*** Block opens ***

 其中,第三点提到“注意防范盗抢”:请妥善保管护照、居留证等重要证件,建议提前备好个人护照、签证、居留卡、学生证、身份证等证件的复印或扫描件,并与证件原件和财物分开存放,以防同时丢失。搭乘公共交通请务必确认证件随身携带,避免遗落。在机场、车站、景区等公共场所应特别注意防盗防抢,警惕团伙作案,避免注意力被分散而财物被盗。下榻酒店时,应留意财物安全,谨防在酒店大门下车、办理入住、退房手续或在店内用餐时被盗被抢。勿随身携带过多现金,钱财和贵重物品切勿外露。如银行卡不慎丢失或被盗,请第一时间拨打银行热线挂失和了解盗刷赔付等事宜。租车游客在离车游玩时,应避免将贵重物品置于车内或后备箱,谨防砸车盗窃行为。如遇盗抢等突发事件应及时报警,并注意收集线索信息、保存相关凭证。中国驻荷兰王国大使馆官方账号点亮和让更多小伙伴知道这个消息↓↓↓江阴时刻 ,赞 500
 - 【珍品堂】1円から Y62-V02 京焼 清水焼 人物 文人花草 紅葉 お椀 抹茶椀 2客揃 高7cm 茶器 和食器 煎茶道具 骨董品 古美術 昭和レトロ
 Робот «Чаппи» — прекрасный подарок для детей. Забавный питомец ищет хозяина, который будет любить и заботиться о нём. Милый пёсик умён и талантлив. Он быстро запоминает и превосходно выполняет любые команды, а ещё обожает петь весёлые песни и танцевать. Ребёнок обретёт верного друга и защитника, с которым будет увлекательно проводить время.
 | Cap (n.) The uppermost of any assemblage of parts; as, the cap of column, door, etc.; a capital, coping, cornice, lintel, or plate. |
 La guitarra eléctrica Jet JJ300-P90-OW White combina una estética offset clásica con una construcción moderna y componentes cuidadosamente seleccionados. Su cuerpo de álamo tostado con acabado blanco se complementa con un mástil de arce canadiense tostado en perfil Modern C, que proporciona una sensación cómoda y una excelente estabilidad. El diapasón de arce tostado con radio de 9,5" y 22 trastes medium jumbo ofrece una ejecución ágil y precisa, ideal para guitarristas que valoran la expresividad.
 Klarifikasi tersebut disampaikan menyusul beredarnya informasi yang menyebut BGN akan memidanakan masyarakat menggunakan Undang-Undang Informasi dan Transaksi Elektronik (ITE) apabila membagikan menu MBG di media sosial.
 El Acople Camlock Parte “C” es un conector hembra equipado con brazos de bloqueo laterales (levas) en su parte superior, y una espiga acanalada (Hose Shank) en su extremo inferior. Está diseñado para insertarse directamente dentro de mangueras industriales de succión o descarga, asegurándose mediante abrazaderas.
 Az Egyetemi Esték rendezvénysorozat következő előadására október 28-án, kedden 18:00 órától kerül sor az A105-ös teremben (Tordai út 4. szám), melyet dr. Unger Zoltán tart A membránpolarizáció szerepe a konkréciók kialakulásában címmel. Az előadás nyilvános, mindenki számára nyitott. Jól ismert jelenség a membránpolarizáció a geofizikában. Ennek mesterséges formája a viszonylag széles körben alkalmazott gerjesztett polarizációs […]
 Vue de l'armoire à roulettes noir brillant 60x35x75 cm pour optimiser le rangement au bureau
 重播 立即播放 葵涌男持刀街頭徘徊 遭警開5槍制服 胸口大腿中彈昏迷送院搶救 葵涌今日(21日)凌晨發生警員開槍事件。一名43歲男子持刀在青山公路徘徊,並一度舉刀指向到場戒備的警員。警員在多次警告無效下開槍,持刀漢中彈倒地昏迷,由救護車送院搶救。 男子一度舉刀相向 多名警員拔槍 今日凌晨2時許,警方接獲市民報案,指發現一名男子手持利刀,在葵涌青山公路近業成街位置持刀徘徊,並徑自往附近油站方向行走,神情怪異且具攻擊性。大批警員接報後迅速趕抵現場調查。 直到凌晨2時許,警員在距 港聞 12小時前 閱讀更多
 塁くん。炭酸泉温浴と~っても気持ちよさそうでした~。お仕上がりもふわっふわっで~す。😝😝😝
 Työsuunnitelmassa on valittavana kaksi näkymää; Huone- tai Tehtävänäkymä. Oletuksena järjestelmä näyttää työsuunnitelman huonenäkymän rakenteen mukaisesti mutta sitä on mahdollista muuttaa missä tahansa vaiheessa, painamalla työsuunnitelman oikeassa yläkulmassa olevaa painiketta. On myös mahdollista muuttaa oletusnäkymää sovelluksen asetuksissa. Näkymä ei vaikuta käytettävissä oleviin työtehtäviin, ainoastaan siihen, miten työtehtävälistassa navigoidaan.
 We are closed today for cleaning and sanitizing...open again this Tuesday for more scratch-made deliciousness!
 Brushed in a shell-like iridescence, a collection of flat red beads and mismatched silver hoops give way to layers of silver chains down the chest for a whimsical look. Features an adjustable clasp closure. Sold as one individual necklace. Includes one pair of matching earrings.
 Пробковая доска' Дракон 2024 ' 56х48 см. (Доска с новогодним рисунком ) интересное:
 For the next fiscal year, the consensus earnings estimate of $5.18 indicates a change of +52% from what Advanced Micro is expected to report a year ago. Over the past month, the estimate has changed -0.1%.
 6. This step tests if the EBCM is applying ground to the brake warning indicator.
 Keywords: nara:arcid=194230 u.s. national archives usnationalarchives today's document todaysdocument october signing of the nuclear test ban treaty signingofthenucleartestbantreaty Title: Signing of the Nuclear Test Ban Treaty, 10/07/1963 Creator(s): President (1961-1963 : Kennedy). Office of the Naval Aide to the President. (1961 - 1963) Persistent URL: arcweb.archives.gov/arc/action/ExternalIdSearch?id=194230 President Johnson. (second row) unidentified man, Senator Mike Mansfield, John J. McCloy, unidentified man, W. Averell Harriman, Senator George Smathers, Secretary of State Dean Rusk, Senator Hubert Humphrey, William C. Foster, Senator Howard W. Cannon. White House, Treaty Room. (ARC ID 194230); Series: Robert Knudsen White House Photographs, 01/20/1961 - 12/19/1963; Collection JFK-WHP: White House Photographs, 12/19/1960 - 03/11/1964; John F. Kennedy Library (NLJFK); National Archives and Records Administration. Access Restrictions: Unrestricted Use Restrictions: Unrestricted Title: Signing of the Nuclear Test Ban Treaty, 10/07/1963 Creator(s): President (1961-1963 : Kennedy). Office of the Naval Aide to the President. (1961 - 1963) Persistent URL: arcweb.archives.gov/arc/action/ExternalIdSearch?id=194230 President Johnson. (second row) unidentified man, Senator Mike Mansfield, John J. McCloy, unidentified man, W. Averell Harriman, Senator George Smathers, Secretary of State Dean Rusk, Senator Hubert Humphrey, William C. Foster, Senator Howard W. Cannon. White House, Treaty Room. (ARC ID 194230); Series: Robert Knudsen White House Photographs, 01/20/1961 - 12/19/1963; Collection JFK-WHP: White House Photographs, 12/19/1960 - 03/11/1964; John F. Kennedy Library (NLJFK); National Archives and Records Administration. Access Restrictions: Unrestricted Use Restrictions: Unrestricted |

*** Block closes ***

» **Task item**:
From the very first line of the data through the line with "Klarifikasi tersebut disampaikan" in it, please reproduce each line exactly and output nothing more.

» **Your solution**:
 其中,第三点提到“注意防范盗抢”:请妥善保管护照、居留证等重要证件,建议提前备好个人护照、签证、居留卡、学生证、身份证等证件的复印或扫描件,并与证件原件和财物分开存放,以防同时丢失。搭乘公共交通请务必确认证件随身携带,避免遗落。在机场、车站、景区等公共场所应特别注意防盗防抢,警惕团伙作案,避免注意力被分散而财物被盗。下榻酒店时,应留意财物安全,谨防在酒店大门下车、办理入住、退房手续或在店内用餐时被盗被抢。勿随身携带过多现金,钱财和贵重物品切勿外露。如银行卡不慎丢失或被盗,请第一时间拨打银行热线挂失和了解盗刷赔付等事宜。租车游客在离车游玩时,应避免将贵重物品置于车内或后备箱,谨防砸车盗窃行为。如遇盗抢等突发事件应及时报警,并注意收集线索信息、保存相关凭证。中国驻荷兰王国大使馆官方账号点亮和让更多小伙伴知道这个消息↓↓↓江阴时刻 ,赞 500
 - 【珍品堂】1円から Y62-V02 京焼 清水焼 人物 文人花草 紅葉 お椀 抹茶椀 2客揃 高7cm 茶器 和食器 煎茶道具 骨董品 古美術 昭和レトロ
 Робот «Чаппи» — прекрасный подарок для детей. Забавный питомец ищет хозяина, который будет любить и заботиться о нём. Милый пёсик умён и талантлив. Он быстро запоминает и превосходно выполняет любые команды, а ещё обожает петь весёлые песни и танцевать. Ребёнок обретёт верного друга и защитника, с которым будет увлекательно проводить время.
 | Cap (n.) The uppermost of any assemblage of parts; as, the cap of column, door, etc.; a capital, coping, cornice, lintel, or plate. |
 La guitarra eléctrica Jet JJ300-P90-OW White combina una estética offset clásica con una construcción moderna y componentes cuidadosamente seleccionados. Su cuerpo de álamo tostado con acabado blanco se complementa con un mástil de arce canadiense tostado en perfil Modern C, que proporciona una sensación cómoda y una excelente estabilidad. El diapasón de arce tostado con radio de 9,5" y 22 trastes medium jumbo ofrece una ejecución ágil y precisa, ideal para guitarristas que valoran la expresividad.
 Klarifikasi tersebut disampaikan menyusul beredarnya informasi yang menyebut BGN akan memidanakan masyarakat menggunakan Undang-Undang Informasi dan Transaksi Elektronik (ITE) apabila membagikan menu MBG di media sosial.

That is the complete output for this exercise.